Blog Archives
2025 Christmas Newsletter: Highlights and Upcoming Novels

Hi everyone and welcome to my Christmas Newsletter. Some of you may have received a shortened version of this letter with your Christmas card but here is the extended version should you wish to read it.
I spent most of the first quarter of 2025 publicising my latest novel Winter Star in the Scottish Highlands because, as an indie author, if I don’t get word of my books out there, who will? Winter Star is the sequel to Dark Highland Skies . I am currently writing the last in the series (title to be announced) for publication in 2026. If you want to know how Halley and Tor’s love story pans out, subscribe to my blog and keep in touch.

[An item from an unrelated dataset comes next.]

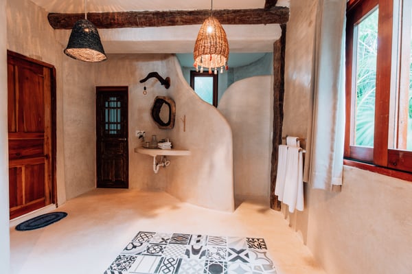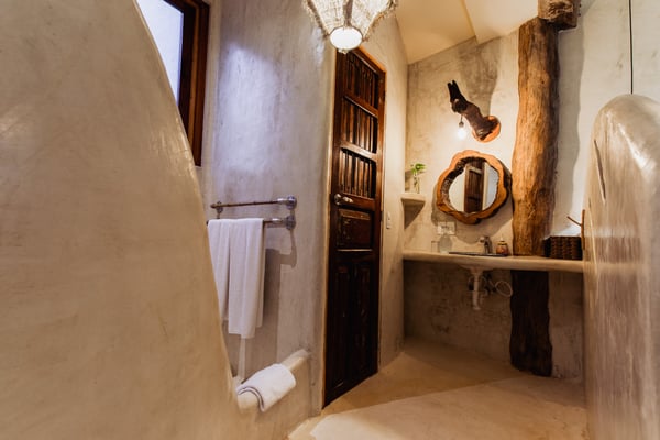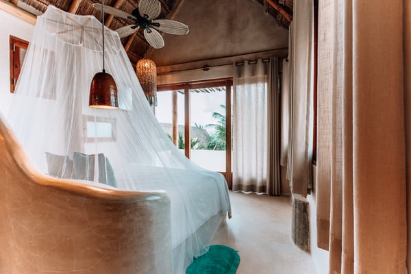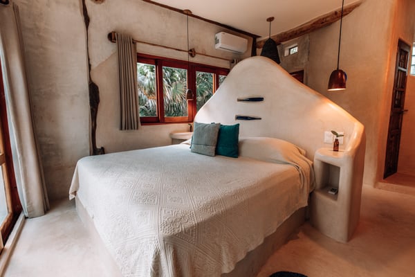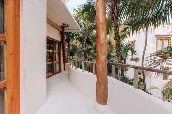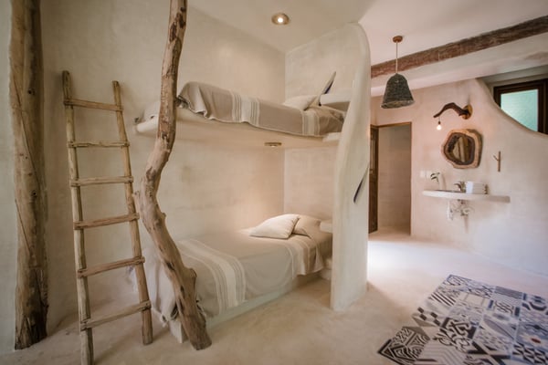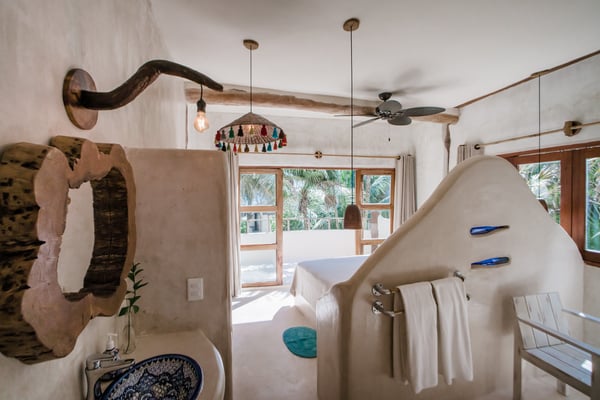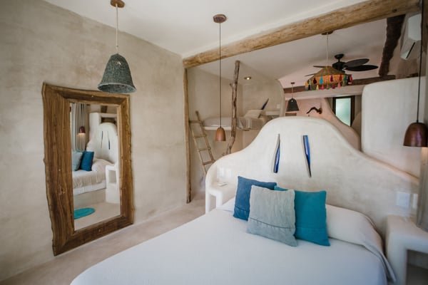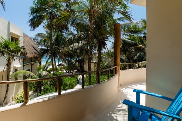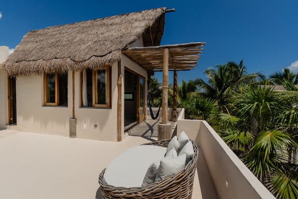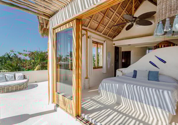 Casa de las Palmas is a stunning full-service vacation rental home on Tulum Beach. Enjoy a premium central location amidst the boutique hotels on a shared peaceful beachfront property. Casa de las Palmas is designed with natural elements and artistic touches that reflect the lovely laid back vibe and feel of Tulum. The main living area opens up to the soft white sand at your doorstep and a gorgeous pathway to your own spot of the beach with a shade palapas, day beds, and beach loungers. Boogie boards, SUP's and sea kayaks onsite for you to use as you wish. Guests also have access to the new seaside pool on the property. The primary bedroom is on the top story of the house immersed in the canopy of the palms with breathtaking views of the sea. It has a king size bed, en-suite bathroom, and private rooftop patio - the ultimate perch on the beach. Gather on the rooftop for stunning sunsets over the jungle, unparalleled views of the turquoise Caribbean Sea, or to gaze at the starry night time skies. The second floor has 2 bedrooms with sea views, breezes, a shared balcony and private en-suite bathrooms with showers. One bedroom has a king size bed and the second has a queen size bed and built in bunkbeds for the kids, or young at heart. The fourth bedroom is on the main floor and has a queen bed, en-suite bathroom and a juliette balcony to the garden area. A/C is available in the bedrooms and limited to night time use to promote energy conservation. We encourage opening windows and doors during the day to enjoy the tropical air. Families are more than welcome - the world's best sandbox is at your doorstep.

I’m also updating the last of my novel covers: Take Me I’m Yours. A proof copy is on pre-order but won’t arrive until after Christmas so I don’t have anything to show you. But you can download a copy (with the old cover) on Amazon for 99p or read FREE via Kindle Unlimited. .

The highlight of 2025 was the five weeks we spent in Scotland in August when we had the most am-az-ing weather. We made it over to Tobermory on Mull for the best fish in chips in the world and, to top it off, saw white-tailed sea eagles soaring over moorland/pine forests. It was so hot when we reached Arisaig I bought Factor 30 suncream from the local Spa and came home with a tan (not rusted up as usual).
We spent three nights in Drimnin in ‘Airship2’ which features in Winter Star in the Scottish Highlands as Tor and Halley’s hideaway – Beag air Bheag (little by little). When we saw it through the trees it took our breath away, it was like a film set. As for midges, the garden came complete with an anti-midge machine (the Terminator) which zapped the little blighters before they could get us. We have booked to stay there in June 2026 including the Longest Day when it never gets dark. So romantic.

I’m always looking for authentic touches to add to my novels. When we were in Mallaig we came across the Vintage Horsebox Deli which served delicious cake and coffee. I filed it away for future reference. I envisage a scene in #9 where it could be used to good effect. We also came across the Jac-o-bite cafe but that was too cheesy, even for me.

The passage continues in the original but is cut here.